I breathed calmly over it, and she said, ‘If it’s getting bad, just let me know.’
I managed a few more minutes of just breathing, focusing on the Yarra Valley campsite and the river I love so much, and floating down it with my children. The light was coming in, dappling on the surface. My hand went into the cold water. I was there. I wasn’t in intensive care.
‘I think that’s all I can do now,’ I mumbled to the anaesthetist.
‘That’s fine,’ she said, and with one movement it was removed very easily.
I was breathing on my own. I was alive. The operation had worked.
I asked to call my husband. They put the phone to my ear. ‘I did it. I did it,’ I said down the line. ‘We did it.’
‘I’m so happy,’ he said. ‘They let me in earlier. They let me hold your hand briefly when you were still under. I’m so happy.’
That’s all I could manage. I just wanted him to know, from me, I was okay.
I would eventually call Mitch too; his openness about his pioneering transplant had now played a serendipitous role in saving not just one mother, but two.
Of course, even though I was okay, there was still a long way to go to really fully come back to life. I may now have been cured of terminal cancer, which I’d fought for five years, but in the following days, I would remain in intensive care. “Recovery doesn’t always go in a straight line,” the excellent liver team kept telling me. They would be right.
Tubes, a mainline in my neck, a massive drain around the wound. Other tubes in my hand. Multiple medications and infusions happening at all times.
Amazingly however a physio, even on that first day, helped me to a chair with all the tubes as part of the protocol to make sure your body doesn’t clot, to keep moving. I even managed, with the help of a frame, to walk some steps around intensive care, and then straight to bed again. Thankfully, the daily ocean swimming and walking I’d done while waiting for the transplant helped.
The next days are now quite a blur, but they involved a lot of pain, a lot of sickness, as my body tried to grapple with the surgical assault.
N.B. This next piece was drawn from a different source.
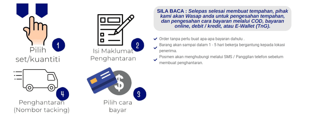 SILA BACA: Selepas selesai membuat tempahan, pihak kami akan hubungi anda untuk mengesahkan tempahan dan cara bayar secara COD atau bayaran online

At one point, they wheeled me out into the terrace just off intensive care, and I felt the sun on my cheeks. It was the first time I was able to pause and take in this incredible, miraculous gift — the result of an Australian passing away and being so generous, thinking of someone else. Having signed up to the organ-donation program, possibly, and either way their family would have been asked if they gave permission.
I put my hand over my wound for the first time and said, ‘Thank you.’
This is an edited extract from Processed: How the processed meat industry is killing us with the food we love, by Lucie Morris-Marr (Allen & Unwin, February 2025).